___ TASK MATERIAL ___
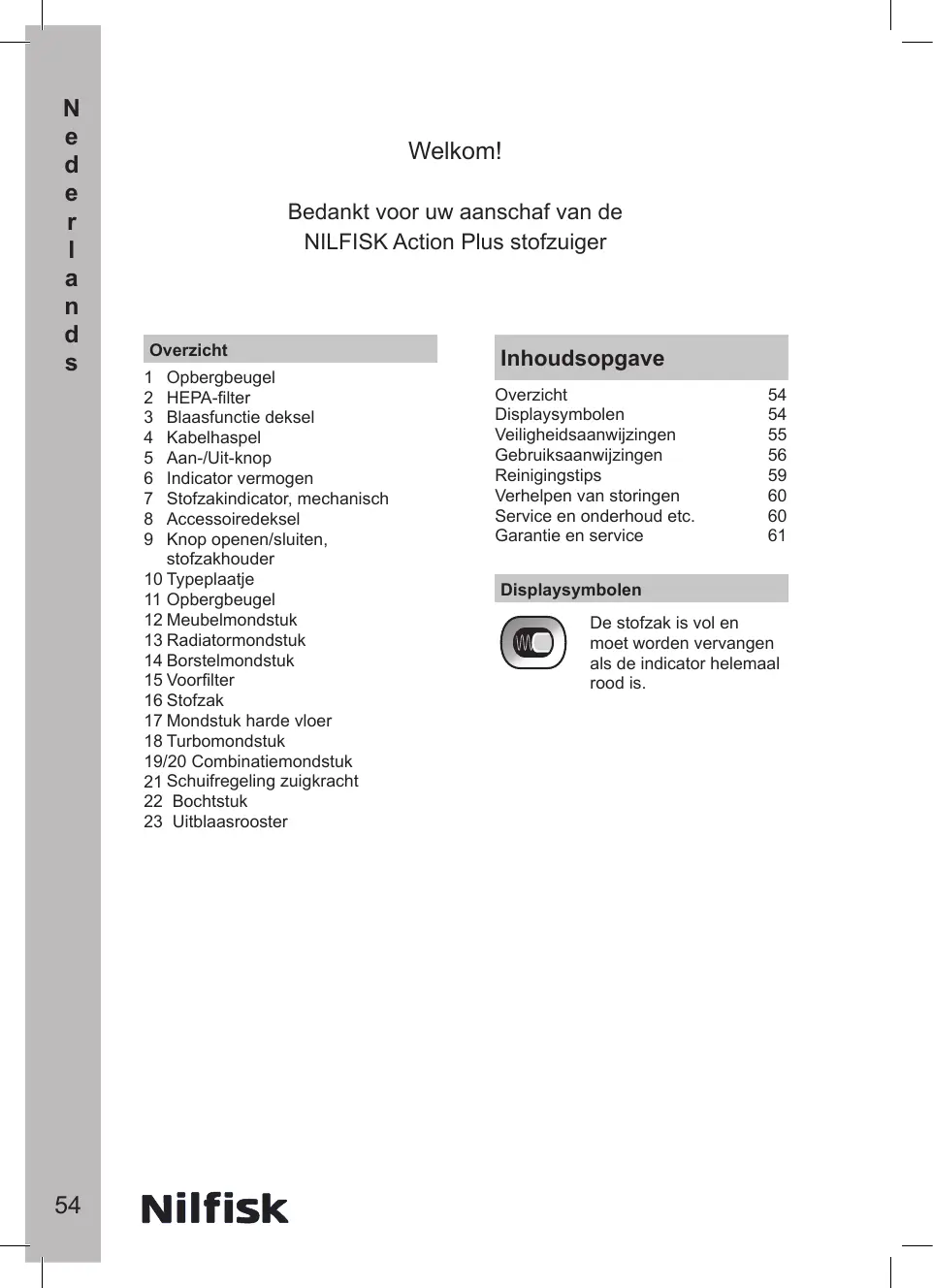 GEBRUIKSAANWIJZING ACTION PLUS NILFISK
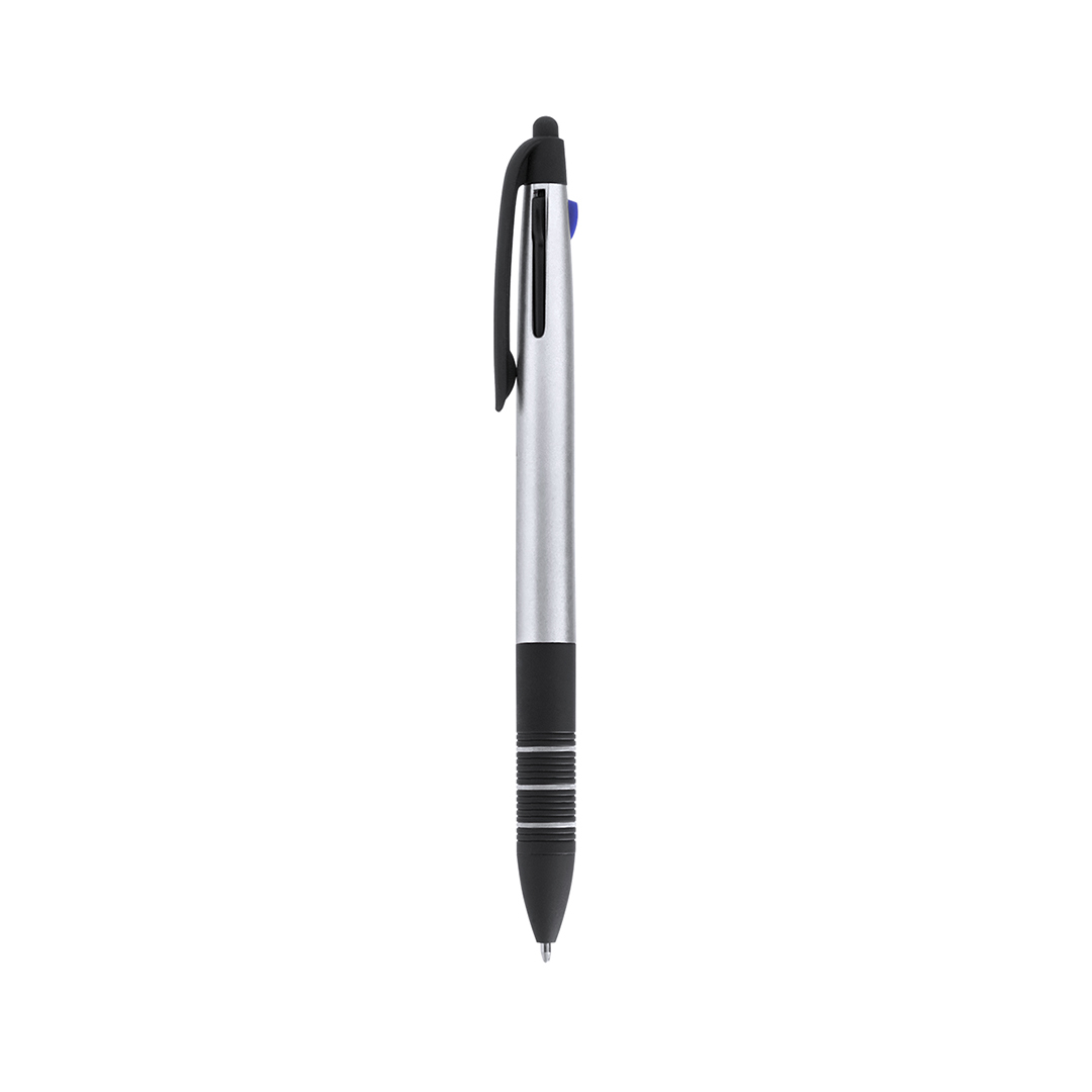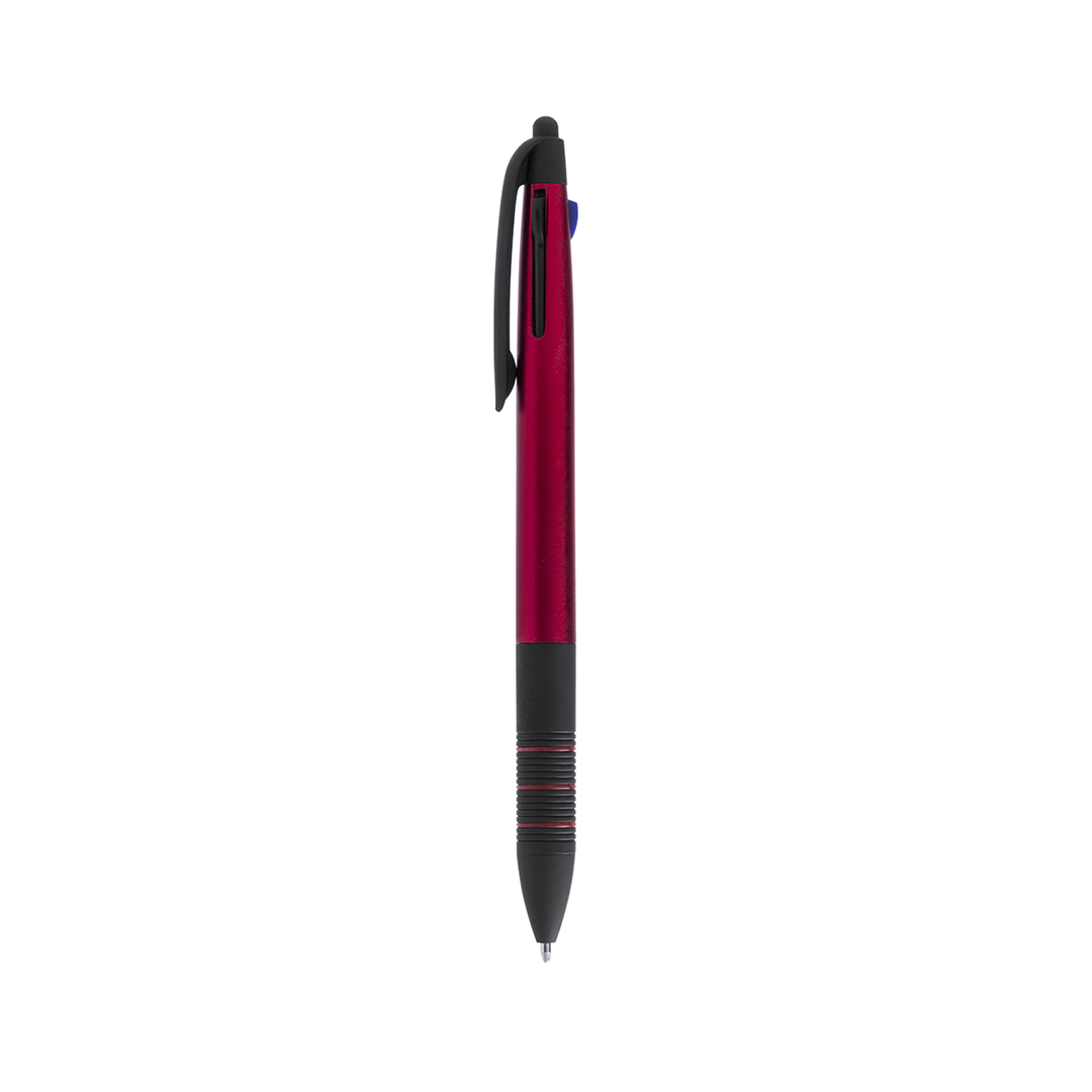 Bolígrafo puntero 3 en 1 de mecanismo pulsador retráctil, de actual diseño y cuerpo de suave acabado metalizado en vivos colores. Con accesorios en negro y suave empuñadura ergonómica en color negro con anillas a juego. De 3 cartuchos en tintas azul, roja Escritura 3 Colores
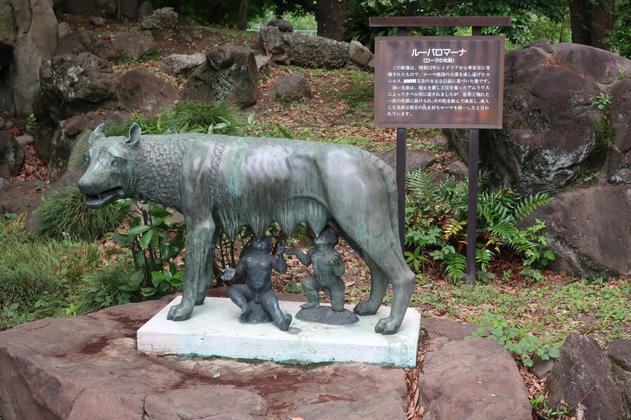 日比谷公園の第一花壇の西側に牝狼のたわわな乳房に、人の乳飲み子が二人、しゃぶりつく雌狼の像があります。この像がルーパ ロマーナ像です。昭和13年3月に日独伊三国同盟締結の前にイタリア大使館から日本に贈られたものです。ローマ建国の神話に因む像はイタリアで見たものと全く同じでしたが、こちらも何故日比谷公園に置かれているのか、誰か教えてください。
___
___ TASK MATERIAL ___
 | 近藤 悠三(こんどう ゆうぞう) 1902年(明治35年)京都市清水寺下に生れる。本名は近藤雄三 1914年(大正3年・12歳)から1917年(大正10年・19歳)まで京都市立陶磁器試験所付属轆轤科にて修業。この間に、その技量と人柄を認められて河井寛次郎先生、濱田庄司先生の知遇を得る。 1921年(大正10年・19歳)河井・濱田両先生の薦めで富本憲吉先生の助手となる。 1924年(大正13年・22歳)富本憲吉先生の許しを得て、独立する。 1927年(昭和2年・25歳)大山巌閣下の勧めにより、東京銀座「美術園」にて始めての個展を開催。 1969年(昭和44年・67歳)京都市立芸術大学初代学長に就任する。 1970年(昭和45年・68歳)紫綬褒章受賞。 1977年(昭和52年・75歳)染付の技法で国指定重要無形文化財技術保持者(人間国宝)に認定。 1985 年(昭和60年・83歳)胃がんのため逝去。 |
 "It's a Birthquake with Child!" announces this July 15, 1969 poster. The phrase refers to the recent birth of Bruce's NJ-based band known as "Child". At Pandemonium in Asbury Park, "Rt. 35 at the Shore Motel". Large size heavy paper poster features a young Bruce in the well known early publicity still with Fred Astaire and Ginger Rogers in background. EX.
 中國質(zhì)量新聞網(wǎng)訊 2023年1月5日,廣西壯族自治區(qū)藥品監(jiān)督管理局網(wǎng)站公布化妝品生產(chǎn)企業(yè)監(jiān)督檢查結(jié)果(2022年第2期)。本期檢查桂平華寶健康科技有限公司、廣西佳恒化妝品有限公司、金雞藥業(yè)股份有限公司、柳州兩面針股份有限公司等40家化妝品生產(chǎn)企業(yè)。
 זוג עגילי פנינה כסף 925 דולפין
___
EXERCISE: Print the part of the listing above that opens with the line containing "Bolígrafo puntero 3" and closes with the line containing "日比谷公園の第一花壇の西側に". Copy it exactly, both ends included, and omit the pictures.

REPLY:
 Bolígrafo puntero 3 en 1 de mecanismo pulsador retráctil, de actual diseño y cuerpo de suave acabado metalizado en vivos colores. Con accesorios en negro y suave empuñadura ergonómica en color negro con anillas a juego. De 3 cartuchos en tintas azul, roja Escritura 3 Colores
 日比谷公園の第一花壇の西側に牝狼のたわわな乳房に、人の乳飲み子が二人、しゃぶりつく雌狼の像があります。この像がルーパ ロマーナ像です。昭和13年3月に日独伊三国同盟締結の前にイタリア大使館から日本に贈られたものです。ローマ建国の神話に因む像はイタリアで見たものと全く同じでしたが、こちらも何故日比谷公園に置かれているのか、誰か教えてください。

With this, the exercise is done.